Fun fact: The average replacement rate of cells in our bodies (generally speaking) is around 7 to 10 years. So all of our parts have been replaced several times over...
But we can regrow them.
We just evolved an anti-teeth-regrowth substance/molecule that's in our blood and shuts down teeth growth once adult teeth are finished, because adult teeth roots are so deep that they require surgery to pull the old teeth out to make space for new.
Also historically humans didn't live that long, compared to the decade it takes adult teeth to grow.
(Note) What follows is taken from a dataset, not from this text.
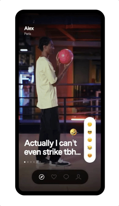 設置個人檔案時,你可以上傳視訊和照片,也可以加入一些展示個性的問答,所有畫面都可以二次創作添加文案和表情包。刷刷刷的時候,隨時點擊右下方的 emoji,就可以向對方發送你的感受。

They're doing phase 2 trials in Japan right now, on children with a birth defect that blocked some teeth from spawning.
The medicine is a monoclonal antibody "antiserum" that neutralizes the teeth-growth-blocker.
Teeth are the proof that God doesn't exist, no celestial being could be dumb enough to create teeth which if not brushed regularly with semi-annual dentist checks rot because of.... foood.
There's a difference between the food that's been eaten over the past thousands of years and the food that we all eat today. I suppose if you look at this the right way, it's another argument in favor of evolution. Teeth are optimized for hunter/gatherer diet and lifespans. Doesn't matter if your teeth rot out by 50 if you die in your 30-40s
In what way can you say that the forces acting on the particle in the western pacific is the same force acting on a completely different particle in that same wave 1000s of miles away when it hits California? It's not by any physical definition. The relationship is purely through the chain of causation over time. In our defining that network of causation as a cohesive system. When a wave interferes with another wave, why do we say both waves died, those energies still exist, when two waves join and magnify each other or cause child waves to branch off in different directions, where does the identity of the wave go?